The horse in ‘Guernica’ is made up of multiple planes
Photography (2)
Photography in the newspapers was how people learned about the horrors of the war in Spain.
The horse’s body is collaged with newspaper and painted to resemble a newspaper.
Tribal art/Privitism (African masks)
Picasso enjoyed and was inspired by the exaggerated features on African masks.
The faces of the victims in the painting all have exaggerated/simplified facial features like their eyes or head shape.
Paul Cezanne
Picasso was an admirer of Cézanne’s ability to paint realistic forms with geometic brush strokes.

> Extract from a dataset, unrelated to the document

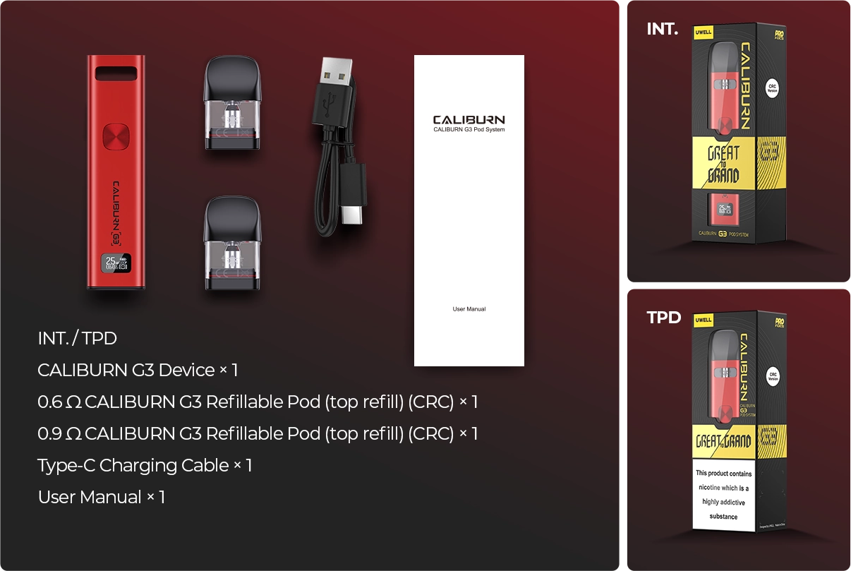 Uwell Caliburn G3 Pod Mod, son derece popüler Uwell Caliburn G serisi MTL pod mod sistemlerinin en son üyesidir ve dahili 0,60 Ohm coile sahip kartuşu ile ybenzersiz bir aroma yoğunluğu ve kusursuz bir boğaz vurumu sunar. Uwell Caliburn G3 Pod Mod, bir OLED ekrana, dahili 900 mAh bataryaya ve üç ateşleme moduna sahiptir: tetik düğmesi kilit modu, nefes sensörü veya her ikisi. Yedek Uwell Caliburn G3 pod kartuşları, MTL ve RDL kullanımları için 0.6 Ohm, 0.9 Ohm ve 1.2 Ohm (Çok Yakında) dirençlerde mevcuttur.

The flattened forms and how they have been painted very flat but all have different planes. An example of this would be the bull or the horse.
Spanish Civil War and Bombing of Gernika (1937) by German
Luftwaffe
Technology, bombing of ‘Guernica’ and the idea of “death from above”.
The lightbulb, unnatural light above the wreckage of the Basque town of ‘Guernica’. The mutilated animals, women and children
Bullfighting motif used extensively in Picasso’s work before ‘Guernica’ painting
Picasso watched bullfighting as a young boy (aged 8) and bullfighting was considered Spain’s national pastime in the early 20th century.
The bull is seen as Spain’s national animal and therefore represents Spain in ‘Guernica’.
Francisco Goya (1)
Goya was Picassos favourite painter and was influenced in particular his paintings of Spanish soldiers during the Napoleonic wars.
The subject matter contains a fallen soldier to an invading enemy (Germany instead of France).
Franscico Goya (2)
Goya also painted bullfighting which was an interest of Picassos.
The bull in the top left corner of ‘Guernica’.
Spanish bullfighting
Cruelty and spectacle, ritual sacrifice, man and beast.
Guernica - fallen matador, triumphant bull Vollard Suite - prints of bullfighting Minotauromacy (half bull half man)
Candle symbolism
Young girl holding a candle against a minotaur.